I have forgotten how to tell time. Days pass and I neither mourn their passage nor care where they go. Hours have become arbitrary and the only indication that the world continues to spin is the transition from light to darkness or the darkness to light. Beirut does this to you, Lebanon does this to you; so warm its welcome, so fervent its embrace that the past and future collapse into the present rendering any notion of past or future unnecessary.
This is not to say that the past and the future have no place here for reminders of near and distant pasts are found in partly excavated Roman forums and building riddled with bullet holes near collapse that have been abandoned since the war and the future springs forth in the building and rebuilding of a city that has stood for as many millennia as my feet has toes. And so to walk in the midst of this is to have no choice but to live only in the present; the space in which life happens, a life I had only wished to live until now.

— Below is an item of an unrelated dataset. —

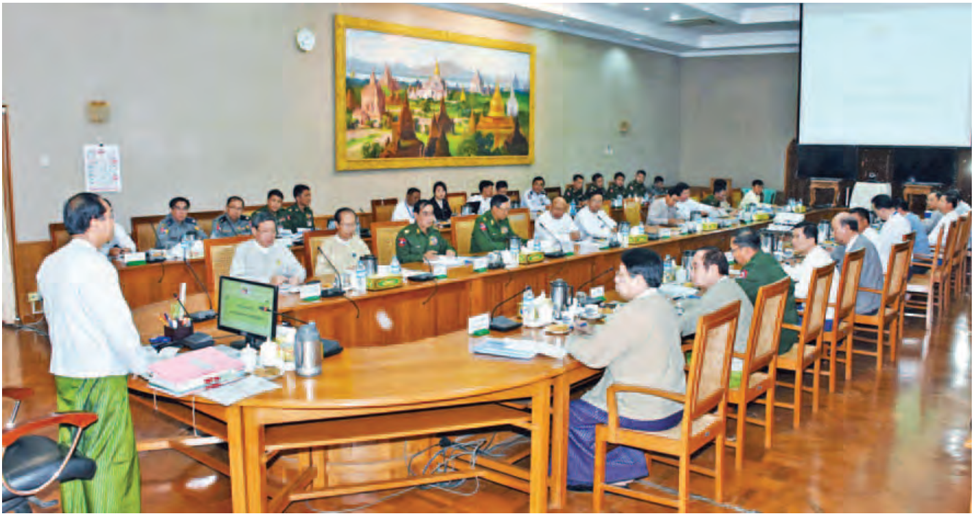
ဒုတိယသမ္မတ ဦးမြင့်ဆွေ (၆၉) နှစ်မြောက် လွတ်လပ်ရေးနေ့ကျင်းပရေးနှင့် စစ်လျဉ်းသည့် တတိယအကြိမ် ညှိနှိုင်းအစည်းအဝေးတွင် အမှာစကားပြောကြားစဉ်။ (သတင်းစဉ်)

အစည်းအဝေးတွင် ၂၀၁၇ ခုနှစ် (၆၉)နှစ်မြောက် လွတ်လပ်ရေးနေ့ကျင်းပရေး ဗဟိုကော်မတီဥက္ကဋ္ဌ ဒုတိယ သမ္မတ ဦးမြင့်ဆွေက လွတ်လပ်ရေးနေ့အတွက် ချမှတ် ထားသော အမျိုးသားရေးဦးတည်ချက် (၄)ရပ်ကို အောင်မြင်အောင် မိမိတို့နိုင်ငံသူ နိုင်ငံသားများ အားလုံး က ကြိုးပမ်းဆောင်ရွက်ကြရမည်ဖြစ်ကြောင်းနှင့် ဆပ်ကော်မတီ(၈)ခုကလည်း မိမိတို့လုပ်ငန်းတာဝန်ဝတ္တ ရားများကို ကျေပွန်အောင် ဆောင်ရွက်ကြရန်လိုကြောင်း၊ ယခုနှစ်တွင် လွတ်လပ်ရေးနေ့ အခမ်းအနားများကို ပိုမို စည်ကားသိုက်မြိုက်စွာ ကျင်းပမည်ဖြစ်၍ လုပ်ငန်းများ ဆောင်ရွက်ရာတွင် အသေးစိတ် စေ့စေ့စပ်စပ် သတိပြု ဆောင်ရွက်သွားကြရမည်ဖြစ်ပါကြောင်း၊ ယခုကျင်းပမည့် လွတ်လပ်ရေးနေ့ အခမ်းအနားသည် အစိုးရသစ် လက်ထက်တွင် ပထမဆုံးကျင်းပမည့် လွတ်လပ်ရေးနေ့ အခမ်းအနားဖြစ်သည့်အားလျော်စွာ အခမ်းအနား အောင်မြင်စွာ ကျင်းပနိုင်ရေးအတွက် တက်ညီလက်ညီ ကြိုးပမ်းဆောင်ရွက်သွားကြရန်ဖြစ်ပါကြောင်း ပြောကြား သည်။

Here is where jasmine so profusely permeates the air that you have to stop and beg for spring to stay forever if only just for this and the purple petals or the jacaranda brighten the very same streets that for fifteen years only knew war. This same sweet welcome is mirrored in the disposition of those who call this place home and also those who have no home to call their own and their kindness after kindness extends like the coast of the Mediterranean the length of this small country with only the biggest of hearts.
But I will not remain ignorant and paint a picture of Lebanon filled with only sunshine and rainbows. Like all nations it is host to a myriad of problems that is only exacerbated by the war in Syria and the continued conflict with the state to the south, but it is its resilience in the face of all of this, its adamant refusal to be hindered by its history and its inability to hold the future in certainty that makes it so easy to fall in love with Lebanon and in love I will stay and Lebanon will be the standard to which I will hold all other countries on this pilgrimage for it is in Lebanon that I have learned not to live in the shadow of the past or in fear of the future, but to stay present, always present, because that is where the beauty is.